氟伐他汀對誘導分化的 HL-60細胞 VEGFmRNA表達的抑制作用

趙麗艷 林 海 石 艷 苗春生 李蘊潛

(吉林大學第二醫院檢驗科,吉林 長春 130041)

腫瘤血管生成能力增強不僅導致腫瘤細胞數量迅速增加,而且增加了腫瘤轉移的危險性。腫瘤細胞能產生多種血管生長因子,其中血管內皮生長因子(vascular endothelial growth factor,VEGF)是與血管生成關系最密切的生長因子,VEGF不僅對實體瘤的發生發展產生明顯影響,而且在多數造血系統惡性腫瘤中也起重要作用〔1〕,抑制 VEGF表達或活性已成為造血系統惡性腫瘤治療的新策略〔2,3〕。以往研究表明,氟伐他汀(fluvastatin,Flu)能抑制 HL-60人早幼粒細胞白血病細胞(HL-60細胞)增殖并誘導凋亡〔4〕,但 Flu對誘導分化的 HL-60細胞 VEGF mRNA表達的影響尚未見報道。本研究著重探討Flu對誘導分化的 HL-60細胞血管內皮生長因子 VEGF mRNA表達的抑制作用及其機制。

1 材料與方法

1.1 材料 HL-60細胞(中國醫學科學院天津血液研究所),RPMI 1640培養基(Gibco公司),小牛血清(Hycolon公司),Flu(北京諾華制藥有限公司),全反式維甲酸(ATRA),甲羥戊酸(mevalonate,Mev),硝基四氮唑藍(NBT),牛血清白蛋白、二甲基亞砜(DMSO)、佛波酯(Sigma公司),VEGF及 β-actin引物(上海生工生物技術公司合成)。

1.2 細胞培養 HL-60細胞在含 10%小牛血清、100 U/ml青霉素和 100μg/ml鏈霉素的 RPMI 1640培養液中,37℃、5%CO2培養箱飽和濕度下培養。

1.3 細胞的處理 收集對數生長期細胞,用含 10%小牛血清的 RPMI 1640培養液配成 105/ml濃度的細胞懸液,接種于培養瓶中,隨機分為空白對照組、陽性對照組、Flu處理組和Flu+Mev處理組。Flu處理組和 Flu+Mev處理組加入終濃度為20μmol/L的 Flu,Flu+Mev處理組在加入 Flu的同時加入終濃度 Mev 100μmol/L,陽性對照組加入終濃度 ATRA 10μmol/L,空白對照組加入等體積DMSO,作用 72h后收獲細胞。

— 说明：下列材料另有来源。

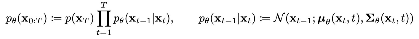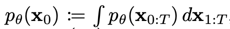 - p_theta(x_0:T): x_T에서 x_0으로 진행하는 모든 단계의 확률을 곱한 것
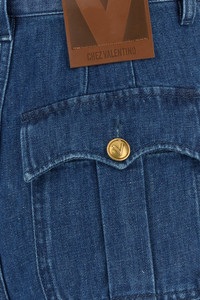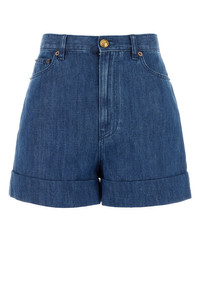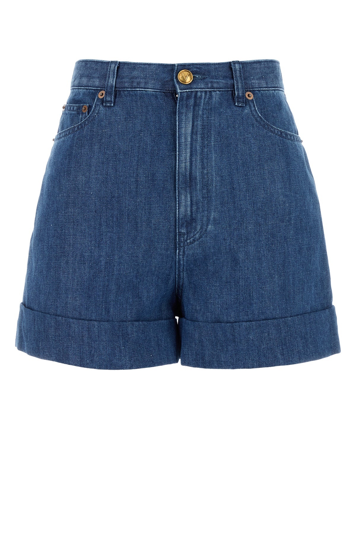 Shorts realized in cotton and linen enriched by contrasting logoed patch at the back. - Belt loops at the waist - Concealed zip and single visible button closure - Five classic pockets - Folded hemline DETAILS Denim shorts Exterior: 64% Cotton 36% Linen Made in italy Sample size: 26
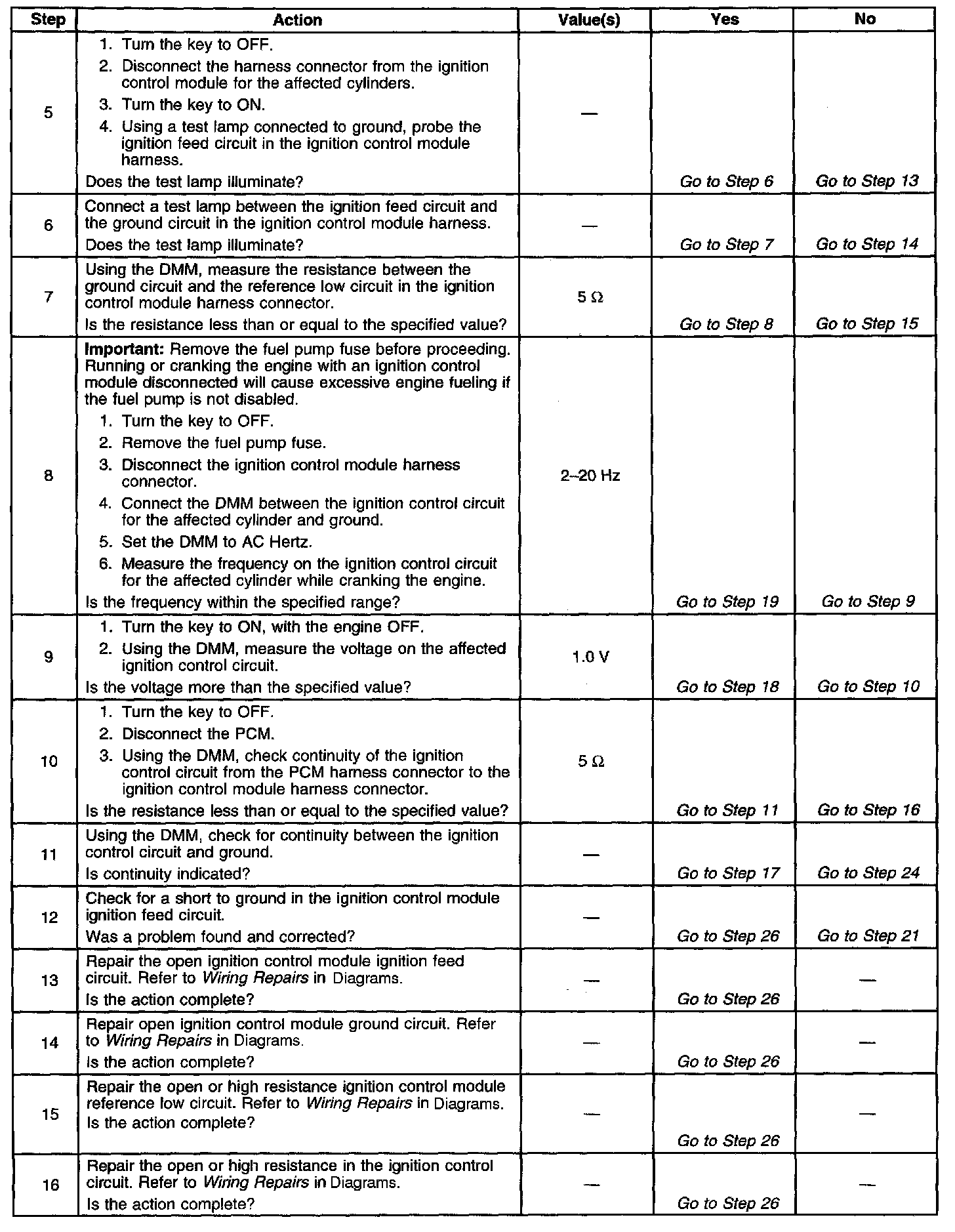 The numbers below refer to the step numbers on the diagnostic table.
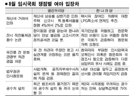 재산세·거래세 인하를 위한 지방세법 개정안은 여야 모두 합의처리에 이견을 보이지 않고 있다. 하지만 비정규직 관련 3법을 비롯해 일부 미묘한 사안은 여야간 정치공방에 가려 처리가 미뤄질 가능성도 있어 주목된다.
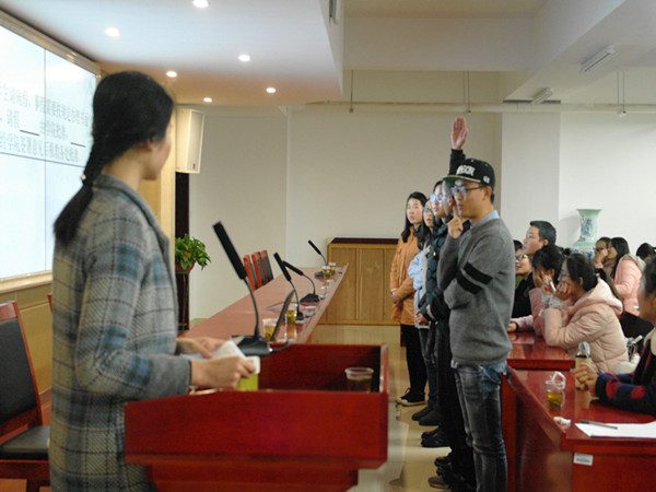 比赛伊始,主持人开始宣读比赛规则,在第一环节,从每队1号选手起轮流抽题号答题。场下的参赛选手逐个起立答题,为各自的班级赢得了相应的加分。第二环节中,比赛题目变换成冒险题,其中,填空题所占比值略重,每题30分,答错则扣相应分数,现场氛围开始紧张,当主持人问及纪律处分、五个综合奖励,单项奖励,集体奖励类型等问题时,各班派出各自的代表站在台上根据屏幕上的不同题目举手抢答,并与场下观众积极互动。随着主持人喊完“一二三”,场上6位选手分秒必争,迅速举手?!扒胛剩D诠潭ǖ那诠ぶЦ谖怀杲鹈咳嗣吭乱话阄?50至多少元,每一小时酬金原则上不低于多少?”主持人问道,选手们略显犹豫,思政2班的参赛选手尹华龙立刻举手做出正确回答。

1.4 NBT還原能力測定 各組經不同處理的HL-60細胞接種于 24孔板處理 72 h后,每孔加入含 1.25mg/ml NBT、17 mg/ml牛血清白蛋白及 2μg/ml佛波酯的 PBS溶液,37℃溫育 2 h。離心棄上清液,加入 3 ml DMSO溶解結晶物,用 721型分光光度計測 580 nm處吸光度(A),以 A值大小表示細胞NBT還原能力。NBT還原能力測定是判斷細胞分化的標志物和敏感指標,在一定波長下其吸光度值越大細胞的還原能力越強,而未分化的白血病細胞則缺乏這種還原能力,故吸光度值低。

1.5 VEGF mRNA表達的檢測 取經不同處理的 HL-60細胞,按Trizol試劑盒說明書操作方法提取總RNA。用紫外分光光度計在 260 nm和 280 nm處測 A值,OD260/OD280在 1.8～2.0,根據A260值計算 RNA濃度。按逆轉錄試劑盒操作說明將 RNA逆轉錄成cDNA,以 cDNA為模板,分別用VEGF和 βactin的引物進行 PCR擴增。VEGF上游引物:5′-TCGGGCCTCCGAAACCATGA-3′, 下 游 引 物:5′-CCTGGTGAGAGATCTGGT TC-3′,擴增產物為 516、588和 648 bp。 β-actin上游引物:5′-TCAGGTCATCACTATCGGCAAT-3′, 下 游 引 物:5′-AAAGAAAGGGTGTAAAA CGCA-3′,擴增產物為 432 bp。取 PCR產物進行 2%瓊脂糖凝膠(含 0.5μg/ml溴化乙錠),3 V/cm電泳30～50 min,紫外燈下照相,用凝膠成像處理系統對每一樣品PCR產物擴增的特異性片斷(VEGF和β-actin)進行灰度掃描,以 β-actin密度作為參考定量標準,數值以兩者之積分吸光度的比值表示,以對照組的比值作為標準 1.0。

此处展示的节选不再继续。